Two SMEs have worked with the University of Sheffield Advanced Manufacturing Research Centre (AMRC) on a stabiliser bar for trucks and trains that is 30% lighter than those currently on the market.
The AMRC Composite Centre worked with Sheffield-based Tinsley Bridge and Performance Engineered Solutions, in Rotherham, on the Lightweight Metal Composite Hybrid (LiMeCH) project which, with £400,000 in funding from Innovate UK, created a lighter alternative to the tubular steel bar currently used for suspension units.
“Lightweighting is top of the agenda for our customers,” said Russell Crow, director of engineering at Tinsley Bridge. “That is even more so when they are looking at alternative propulsion systems, such as electric drive trains and alternative fuels, because every gram they can save offsets the additional mass they have to carry for the batteries or hydrogen fuel tank.”
Carbon fibre composites are not yet widely used in the volume automotive sector for functional parts such as suspension systems where the industry standard is a steel tube welded to metallic end fittings. Replacing the steel with lighter materials can improve fuel efficiency, helping operators meet new emissions regulations, and composite materials are less affected by fatigue so their use can deliver increased reliability without compromising performance.
In the two-year LiMeCH project, the consortium aimed to create a suitable joint between a composite tube and a metallic end fitting that together form an anti-roll bar (ARB), a key part of a vehicle’s suspension unit.
Russell says as a minimum the joint needed to be capable of transmitting the same loads as the equivalent part manufactured from steel spring.
He said: “The key was finding a modular system. This project was not about making a very expensive composite part, but about how we could bond together metallics and composites to create high configurability from a low number of stock parts.”
Performance Engineered Solutions (PES) used its expertise in composites and lightweight materials to design the ARBs, employing Finite Element Analysis (FEA) to simulate the process prior to manufacture to determine whether the proposed designs could resist the loads an ARB is subjected to.

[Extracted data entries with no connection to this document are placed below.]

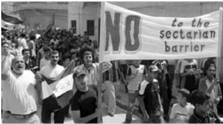
Baghdads indbyggere protesterer mod de sekteriske ghetto-mure

telse er bankerot – moralsk, politisk, økonomisk og militært. Malakis marionetregering er afsløret som den desperate, kræmmeragtige, sekteriske, inkompetente, korrupte og bagstræberiske klike, den er.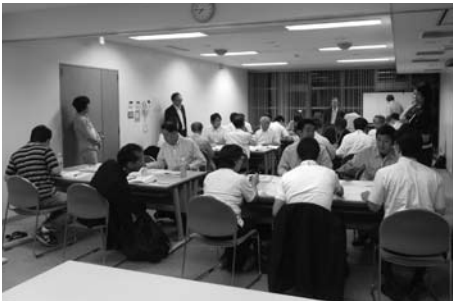
参加者同士が打解けた管理者育成塾

「リーダーとしての最小限の素養」、「営業力を高めるために」、「組織の力を引き上げるポイント」、「経営全体をみわたせる」を自分のものとしていただくことを狙いに三人の専門家（中小企業診断士）が指導に当りました。初日の七月三日は「リーダーとしての最小限の素養」を狙いに開催。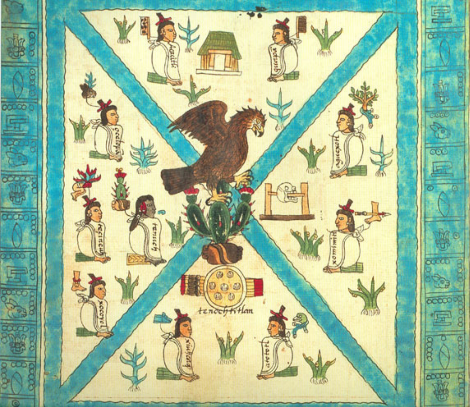
Figura 9. La Fundación de Tenochtitlan tomada del Códice Mendoza.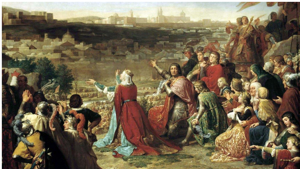
Juan de Borgoña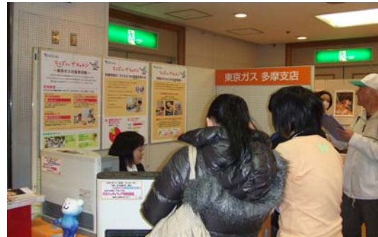
◇「東京ガスオリジナルクイズに 挑戦してみよう！」東京ガス 多摩支店)

Stefan Dalberg, senior design engineer at Performance Engineered Solutions, said: “We needed to consider the ease of manufacture as well as the material selection, adhesive selection and how it would perform during non-destructive testing (NDT).”
The AMRC’s Composite Centre produced four anti-roll bar prototypes using its MF Tech filament winding system in which filaments of carbon, impregnated with resin, are wound onto a rotating mandrel to form a desired shape. PES penetratively inspected the inside of the bar using CT scanning technology, then used an in-house light scanning system to visually inspect the parts.